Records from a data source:

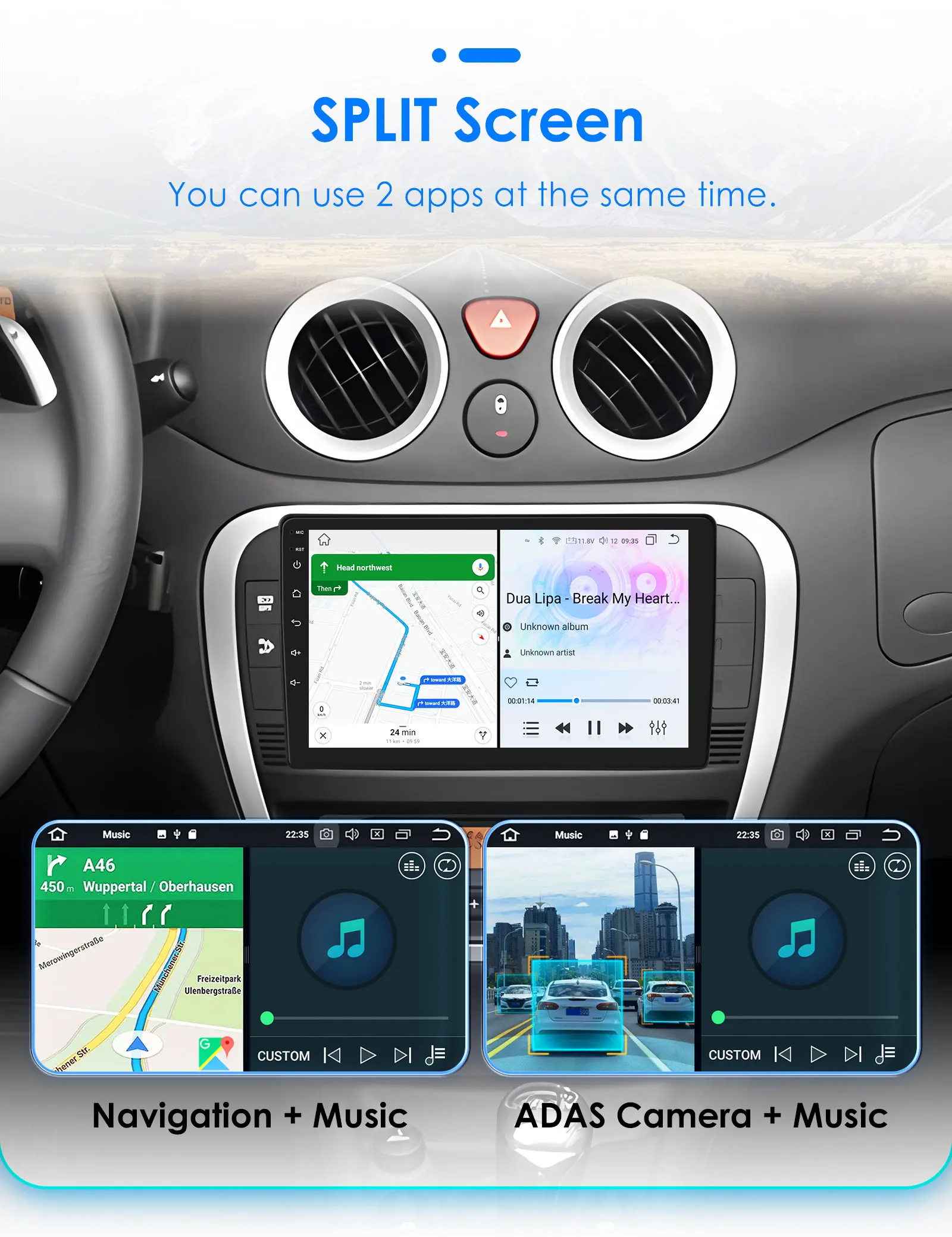 Schermo diviso: puoi usare 2 app contemporaneamente (come: navigazione + musica, telecamera ADAS + musica, ecc.)
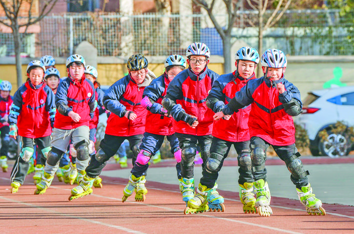 开启新学期后,河北省遵化市第六实验小学学生在体育课练习轮滑。 新华社发(刘满仓 摄)
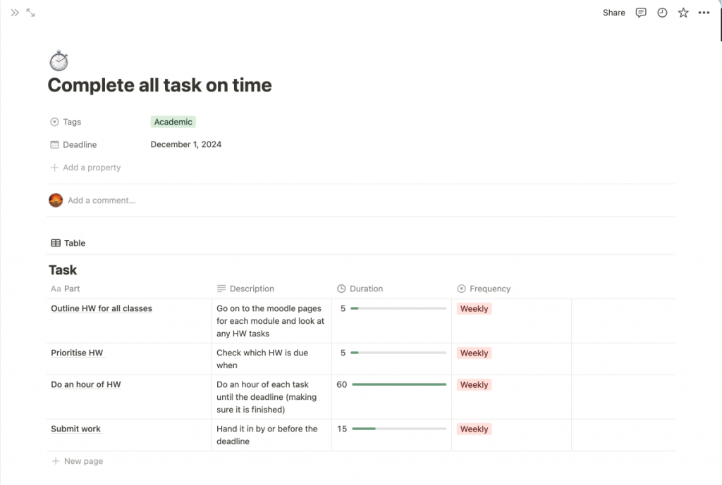 So, using Notion I created a new database to manage my goals. Then using the chucking method I broke my goals down into small achievable tasks
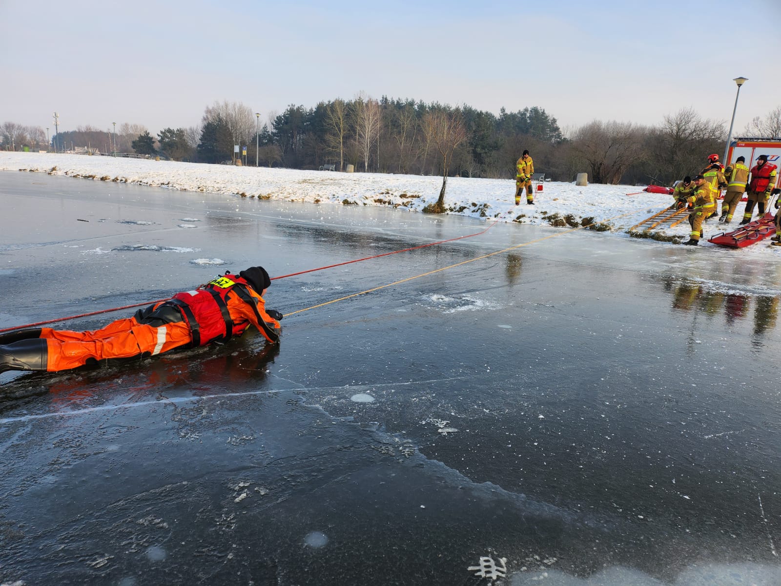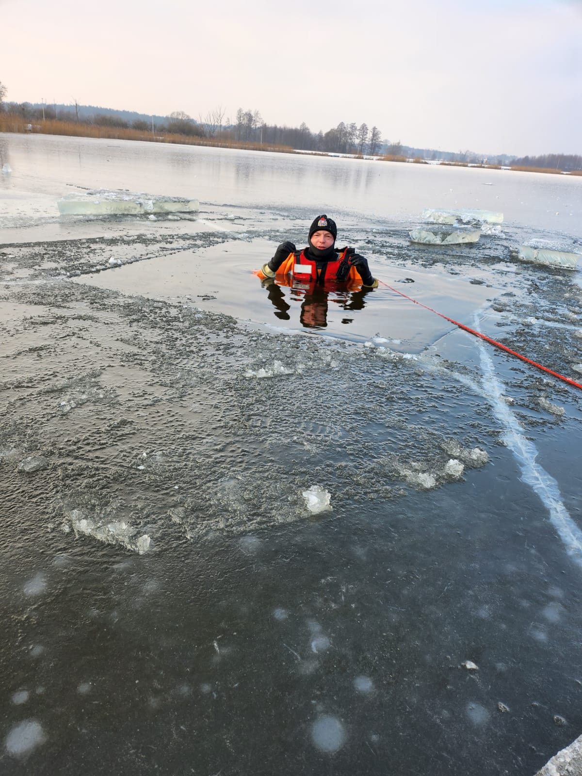 - Pamiętaj! Najważniejsze jest własne bezpieczeństwo. Jeśli lód załamał się pod osobą poszkodowaną, może załamać się również pod Tobą. Dlatego tak ważne jest wezwanie pomocy profesjonalistów. Ratownik bez odpowiedniego zabezpieczenia może przebywać w zimnej wodzie krótko. Po 3 minutach dochodzi do wyziębienia organizmu.
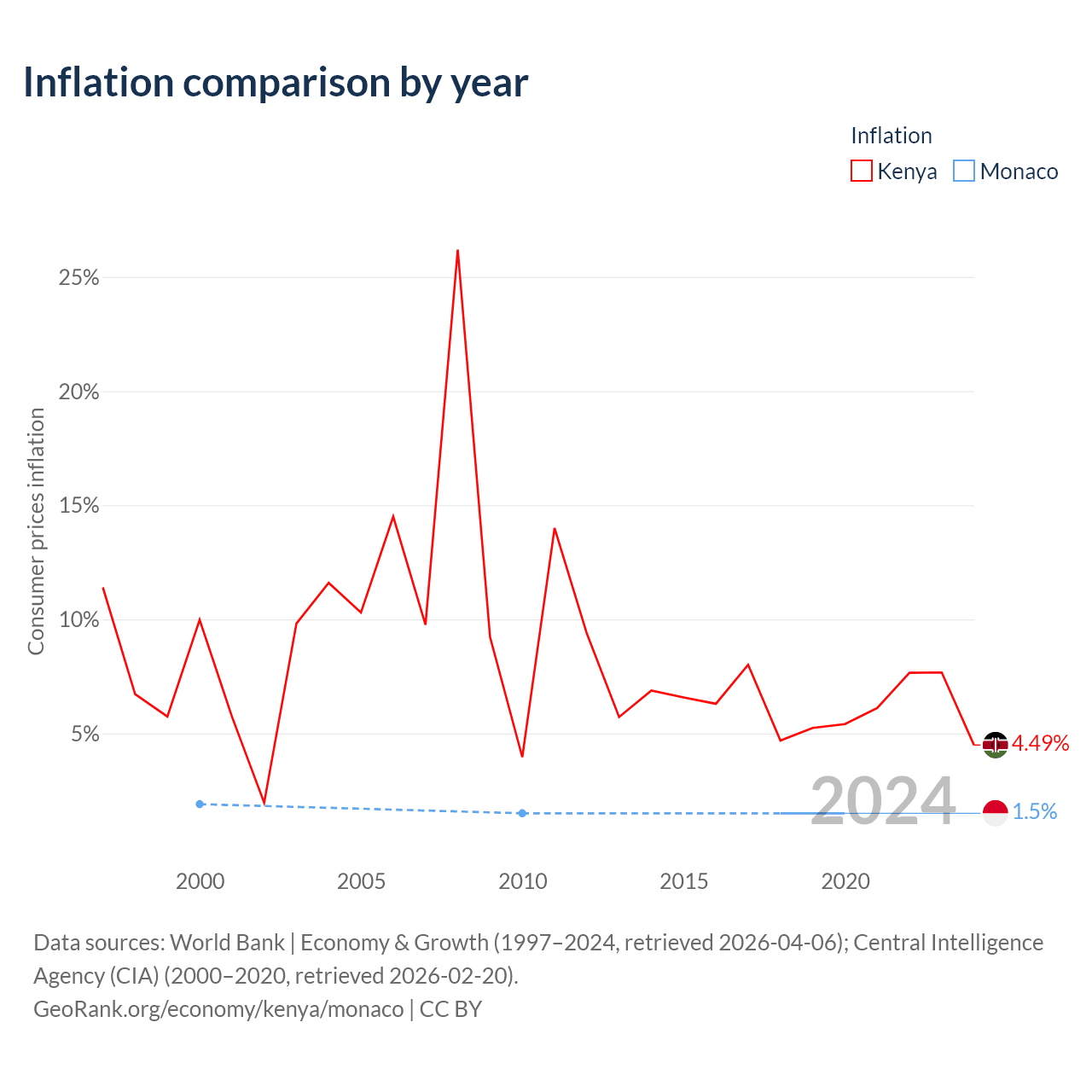 Over the past 21 years, Kenya has recorded an average annual inflation rate of 8.82%, compared with 1.58% in Monaco. In 2020, inflation was 4.49% in Kenya and 1.5% in Monaco.
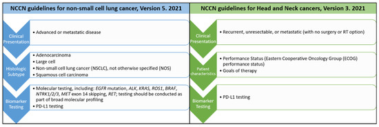 Compared to the hematologic diseases, solid tumors are more complex and involve not only tumor cells but also their microenvironments [13]. Thus, the application of precision medicine in solid tumors began later than in hematologic neoplasms. However, precision medicine is now a reality for patients with non-small cell lung cancers (NSCLC). Comparison of the most updated cancer treatment guideline from The National Comprehensive Cancer Network® (NCCN®) for non-small cell lung cancers [14] and head and neck cancers [15] is shown in Figure 3.
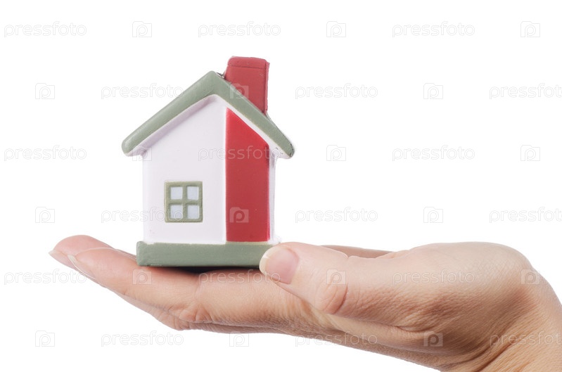 Модель дома в женских руках на белом фоне

**Work order**
This exercise asks for an exact copy of the lines from the first one in the data through the line that contains "So, using Notion", pictures excluded.

**Worked solution**
 Schermo diviso: puoi usare 2 app contemporaneamente (come: navigazione + musica, telecamera ADAS + musica, ecc.)
 开启新学期后,河北省遵化市第六实验小学学生在体育课练习轮滑。 新华社发(刘满仓 摄)
 So, using Notion I created a new database to manage my goals. Then using the chucking method I broke my goals down into small achievable tasks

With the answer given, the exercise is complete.